Some economists might interpret all this primping and preening as something they call a "signaling device." For professionals, spending all this time and money on your appearance might signal to your colleagues that you’re aware of social cues and that you care about how other people perceive you – not terrible skills for the workplace. Another theory is that grooming in socially accepted ways signals adherence to the dominant ideas about masculinity and femininity in our culture, a practice that American workplaces may reward.
But the question still remains why these practices are typically more important for women than men. Wong and Penner agree that there are a few possibilities.
One is that women just have a wider range of beauty practices available to them – they can go to work in suits or maxi dresses, stilettos or brogues. They can wear their hair long or short, and wear makeup, or not. Men, in contrast, have a much more limited set of socially acceptable options for presenting themselves as professionals -- relatively short hair, shirts and ties, perhaps a Marco Rubio boot if they're feeling adventurous. From this perspective, women’s beauty practices might be seen primarily as a form of creative self-expression – a view that many women do endorse.

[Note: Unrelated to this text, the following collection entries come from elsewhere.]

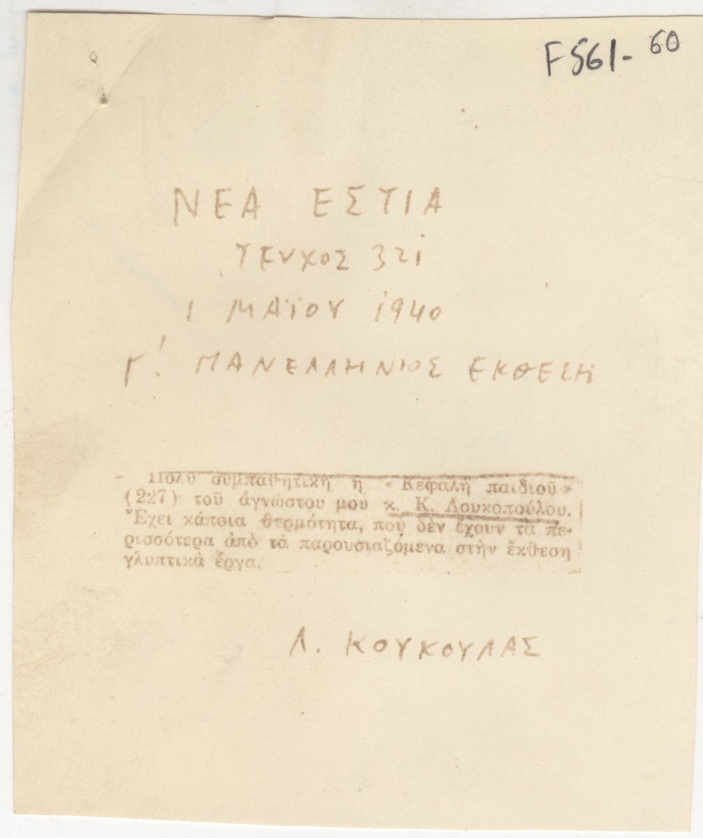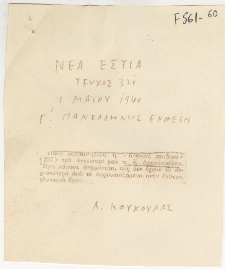 Απόκομμα, χαρτί, 12×10 εκ., στα ελληνικά, δημοσίευσης κριτικής έκθεσης του Κλέαρχου Λουκόπουλου, με το οποίο συμμετέχει στη Γ’ Πανελλήνιο Έκθεση.
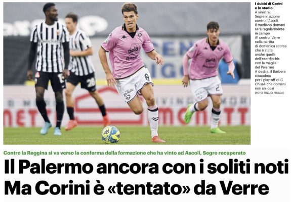 L'edizione odierna de "Il Giornale di Sicilia" si sofferma sulle scelte di Corini in vista della sfida contro la Reggina....
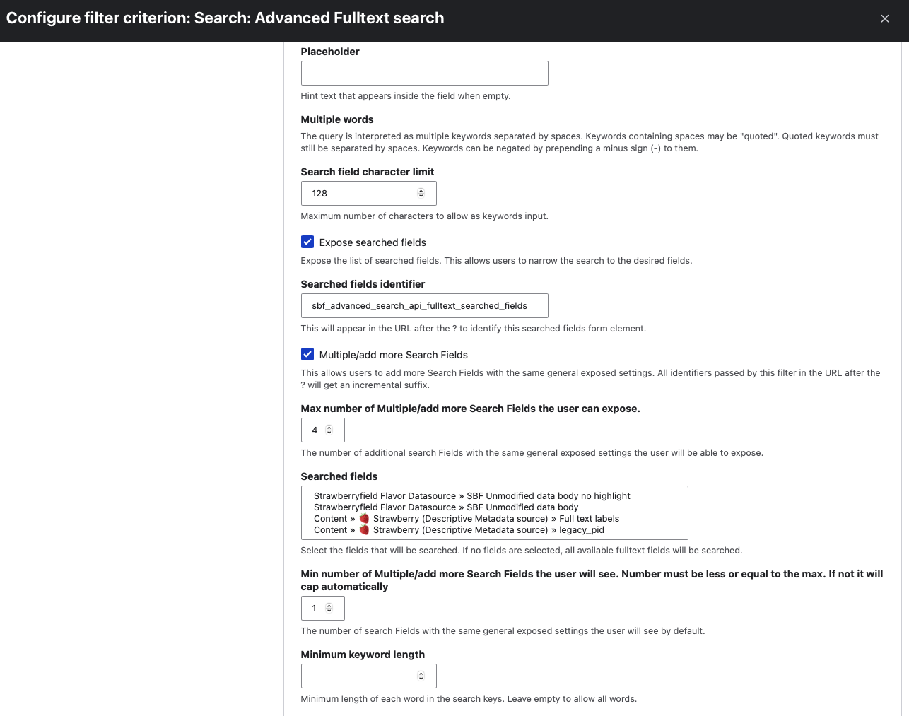 - The number of additional search Fields with the same general exposed settings the user will be able to expose.

But there are more sinister theories as well. One is that these gender differences are the result of a cultural tendency to monitor women’s behavior more than men’s, in ways that keep women distracted from really achieving power. Wong quotes Naomi Wolf, a third-wave feminist who argues that unrealistic standards of beauty that women are encouraged to pursue – an ideal she calls “the beauty myth” – is ultimately a way to control and constrain women’s behavior.
Wong says that both explanations probably have some truth. "I think that we more readily judge women, and so this presentation becomes so important to them," she says.